When someone says “we need to test this feature,” they could mean a dozen different things. Should you check whether the button works? Whether it works fast enough? Whether it works for users with screen readers? Whether it survives 10,000 simultaneous requests? The world of software testing is divided into two broad pillars: functional testing (does the software do what it is supposed to do?) and non-functional testing (does the software do it well enough?). Understanding this distinction is the first step toward building a test plan that covers quality from every angle.
Two Pillars of Software Quality
Functional testing verifies that the software behaves according to its requirements — the features, business rules, and user workflows. Non-functional testing verifies the quality attributes that determine whether the software is usable, performant, secure and reliable in real-world conditions.

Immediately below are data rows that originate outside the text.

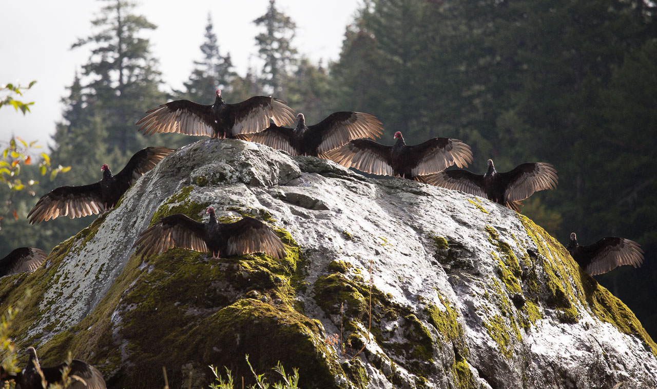 September 19th, 2014 Vulture culture Turkey vultures aren't too keen on being rained on. When the sun comes out, they spread their wings out to dry. On the Rogue River, Oregon, this morning. Posted in Photos 0 Comments Possibly related posts: Some suggested reading: AI and dopamine River lights Meme-busting Too busy living' it... Living in the past
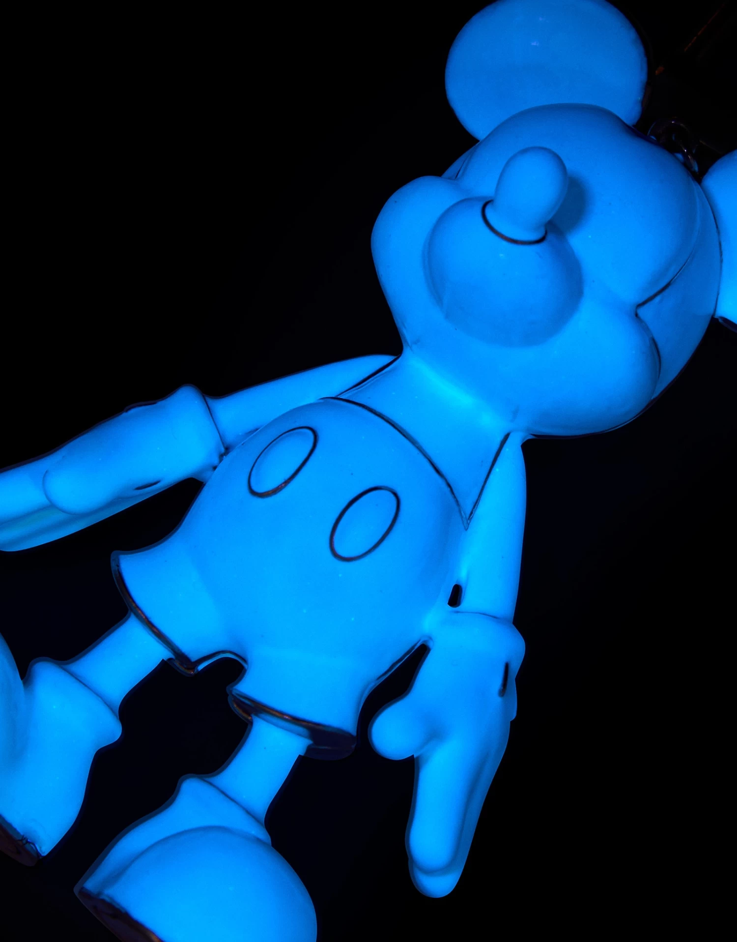 Add a touch of Disney wherever you go! Our Mickey Mouse Bag Charm has proven to be a Disney fan favorite and is the must-have Disney keychain. It’s the perfect addition to any purse, backpack, or tote. In the daytime, Mickey Mouse’s likeness is crafted with luxe white enamel. At night, Mickey Mouse glows in the dark!
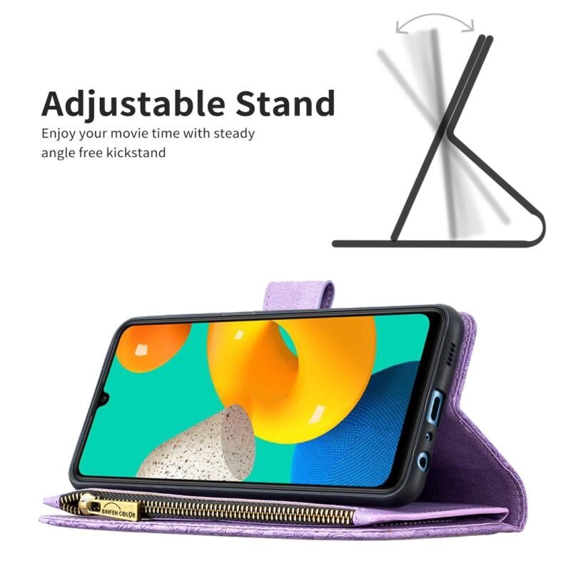 Για Samsung Galaxy M32 Flying πεταλούδα ανάγλυφο μοτίβο φερμουάρ οριζόντια Flip δερμάτινη θήκη με κάτοχο & υποδοχές για κάρτες & πορτοφόλι (μωβ)
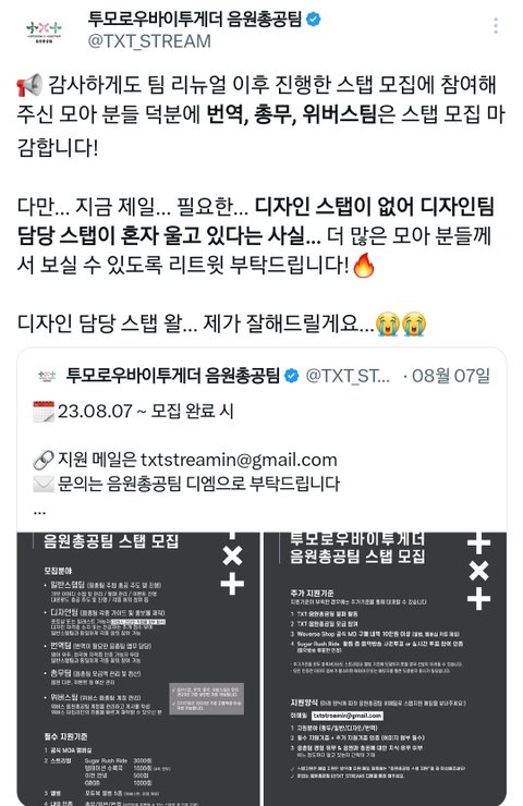 디자인팀도 잘 구해지면 좋겠다 음총팀 늘 사랑합니다❤️
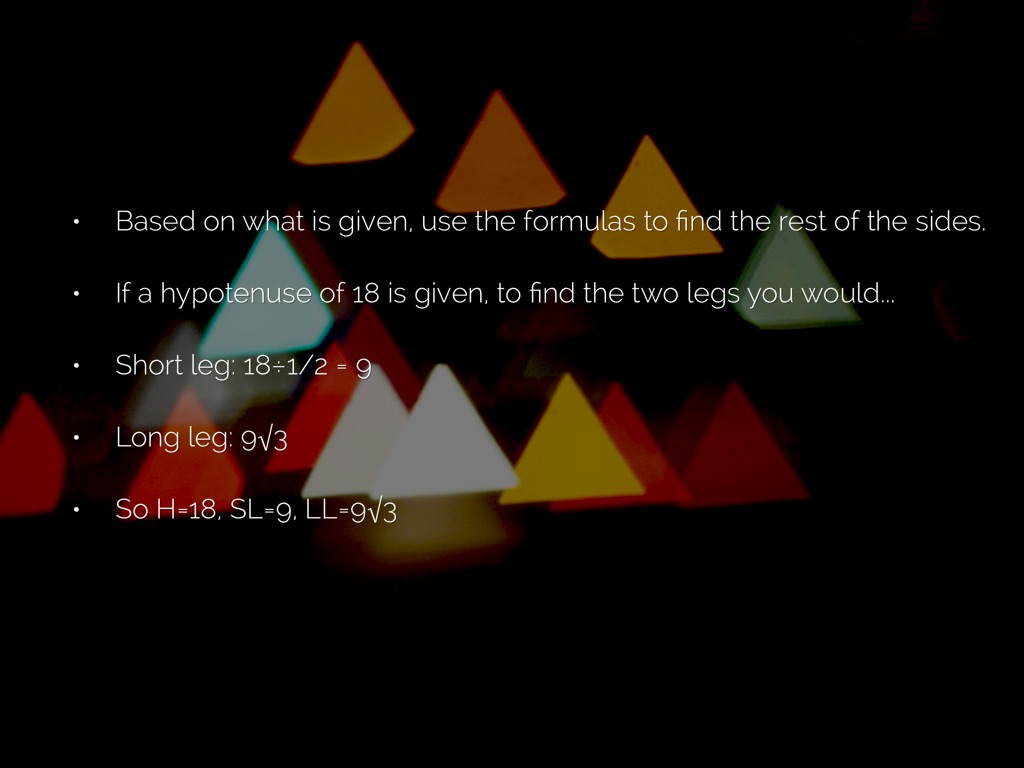 If a hypotenuse of 18 is given, to find the two legs you would...
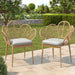 Kirk - Outdoor Wicker Peacock Shape Papasan Style Chair, Teak Finished Leg (Set of 2) - Beige / Light Brown / Light Teak
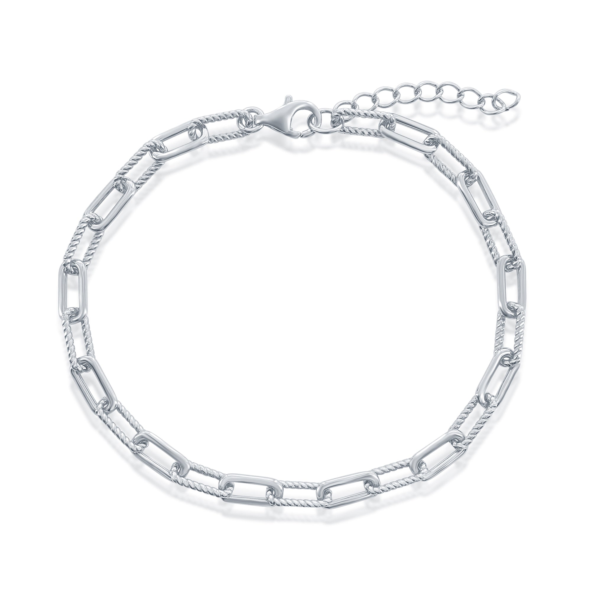 Sterling Silver Polished & Rope Design Paperclip Bracelet

# Functional vs Non-Functional testing comparison
TESTING_PILLARS = {
"Functional Testing": {
"question": "Does the software do what it is supposed to do?",
"focus": "Features, business logic, data processing, user workflows",
"examples": [
"Login with valid credentials returns a session token",
"Adding an item to the cart updates the cart count",
"Submitting a form with missing required fields shows validation errors",
"Discount code 'SAVE20' applies a 20% discount to the subtotal",
],
"derived_from": "Functional requirements and user stories",
"typical_types": [
"Unit testing",
"Integration testing",
"System testing",
"Acceptance testing (UAT)",
"Smoke testing",
"Regression testing",
],
},
"Non-Functional Testing": {
"question": "Does the software do it WELL ENOUGH?",
"focus": "Performance, security, usability, reliability, scalability",
"examples": [
"Login page loads within 2 seconds under normal traffic",
"System handles 5,000 concurrent users without degradation",
"Password is hashed with bcrypt, not stored in plain text",
"Application is navigable with keyboard-only and screen readers",
],
"derived_from": "Non-functional requirements, SLAs, industry standards",
"typical_types": [
"Performance testing (load, stress, endurance)",
"Security testing",
"Usability testing",
"Accessibility testing (WCAG)",
"Reliability / availability testing",
"Compatibility testing (browsers, devices)",
],
},
}
for pillar, info in TESTING_PILLARS.items():
print(f"\n{'='*55}")
print(f" {pillar}")
print(f"{'='*55}")
print(f" Core Question: {info['question']}")
print(f" Focus: {info['focus']}")
print(f" Derived from: {info['derived_from']}")
print(f"\n Examples:")
for ex in info['examples']:
print(f" - {ex}")
print(f"\n Includes:")
for t in info['typical_types']:
print(f" * {t}")
Common Mistakes
Mistake 1 — Treating functional testing as the only type of testing
❌ Wrong: “All test cases pass — the feature is ready for production.” (Only functional tests were run; no performance, security, or compatibility checks.)
✅ Correct: “All functional test cases pass. Performance testing shows p95 response time under 2 seconds. Security scan found no critical vulnerabilities. Cross-browser testing passed on Chrome, Firefox, and Safari. The feature is ready for production.”
Mistake 2 — Confusing testing types with testing levels
❌ Wrong: “Unit testing is a type of functional testing and performance testing is a type of non-functional testing, so they are completely separate.”
✅ Correct: “Testing types (functional, non-functional) describe WHAT you test. Testing levels (unit, integration, system) describe WHERE in the stack you test. Performance testing (non-functional type) can be done at the unit level, integration level, or system level.”